Protests turned violent in Los Angeles following the acquittal of George Zimmerman in Florida. Aerial video caught some throwing rocks, attacking people and clashing with police. Patrick Healy reports from the Crenshaw District for NBC4 News at 11 p.m. on July 15, 2013.
Los Angeles police made arrests after a peaceful prayer vigil gave way to violence at Leimert Park on Monday, the second night of unrest after the acquittal of George Zimmerman in the shooting death of Trayvon Martin in Florida.
Fourteen people were arrested -- most for failure to disperse -- in connection with the violence, Los Angeles Police Department officials told NBC4 Tuesday morning. Aerial video caught some throwing rocks, attacking people and clashing with police. No serious injuries were reported, police said.
A prayer vigil began peacefully about 6 p.m. before a group broke off from the vigil and incited chaos in the streets. Just before 10 p.m., the Los Angeles Police Department declared the protest an unlawful assembly and dispersed the gathering, an LAPD spokesman said.
"The rights of the many have been abused by the actions of a few," said LAPD Chief Charlie Beck.
The area quickly cleared and officers detained several people. Beck said officers will be out in force Tuesday night to prevent a repeat of the violence
"The best way to honor (Trayvon Martin) is in a nonviolent manner," said Los Angeles Mayor Eric Garcetti. "The Martin family didn't ask anybody to break car windows. They didn't ask anybody to take little kids' scooters. They didn't ask anybody to attack businesses. And they certainly didn't say to take over traffic in the streets."
Protesters showed disapproval of a jury's not guilty verdict in the case of George Zimmerman, a 29-year-old neighborhood watch captain who fatally shot Trayvon Martin, an unarmed black 17-year-old in a Sanford, Fla., gated community.
The Zimmerman trial fueled a national debate about race, guns and Florida's "stand-your-ground" law that broadens the definition of self-defense and the legal scope of the use of firearms in exercising it.
On Monday night, a majority of protesters were gathered at Leimert Park (map), but a violent group split off and walked up and down surrounding streets, rushing into businesses, attacking pedestrians and bicyclists, breaking windows and throwing objects at police.
LAPD officers appeared to use rubber bullets or bean bag weapons against some of the protesters at one point.
Cameras also captured an attack on a CBS2/KCAL9 news crew as they conducted an interview. The crew members were treated for minor injuries, according to the station.
As a violent group split off from the peaceful prayer vigil, Los Angeles Mayor Eric Garcetti tweeted: "I commend the prayer rally attendees in Leimert Park for practicing peace.

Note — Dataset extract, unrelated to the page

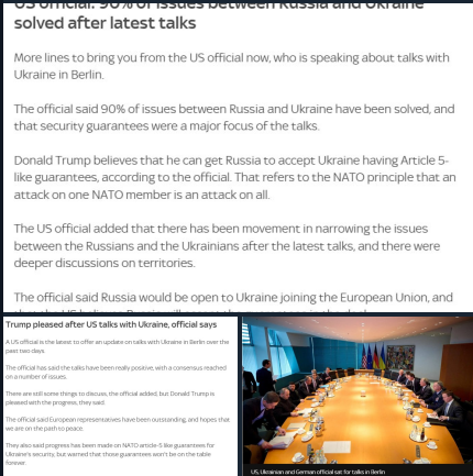 По словам чиновника, Дональд Трамп считает, что сможет убедить Россию принять гарантии, аналогичные статье 5, предоставляемые Украине. Чиновник также сказал, что в Берлине был достигнут прогресс по данному пункту, но предупредил, что эти гарантии не будут находиться на столе вечно.

I call on people in street on Crenshaw to follow their example."
LAPD Chief Charlie Beck tweeted: "Violence is never the answer. Urging all protestors around LA 2let peace prevail.This is OUR City and we need to work 2gether 2 preserve it"
In Oakland on Monday, a group of protesters briefly blocked Interstate 880.
On Sunday night in Los Angeles, police made arrests and issued citations during demonstrations across the city.
At one point, protesters blocked Interstate 10 at Arlington Boulevard for more than 30 minutes. At another, a group broke off and walked into the W Hotel, causing some $15,000 in damage to the lobby, said LAPD Cmdr. Andrew Smith, a department spokesman.
On Monday night, Smith said, the protests began peacefully but a group broke off and turned violent.
"It originally started out as a peaceful protest, as they all have, and we certainly support that - in fact encourage people to peacefully protest, exercise their First Amendment rights," LAPD Cmdr. Andrew Smith told NBC4. "But what happened here unfortunately is some people took this as an opportunity to break into buildings, to jump on cars, to commit acts of vandalism, to assault other people and to commit some thefts from some of the buildings here."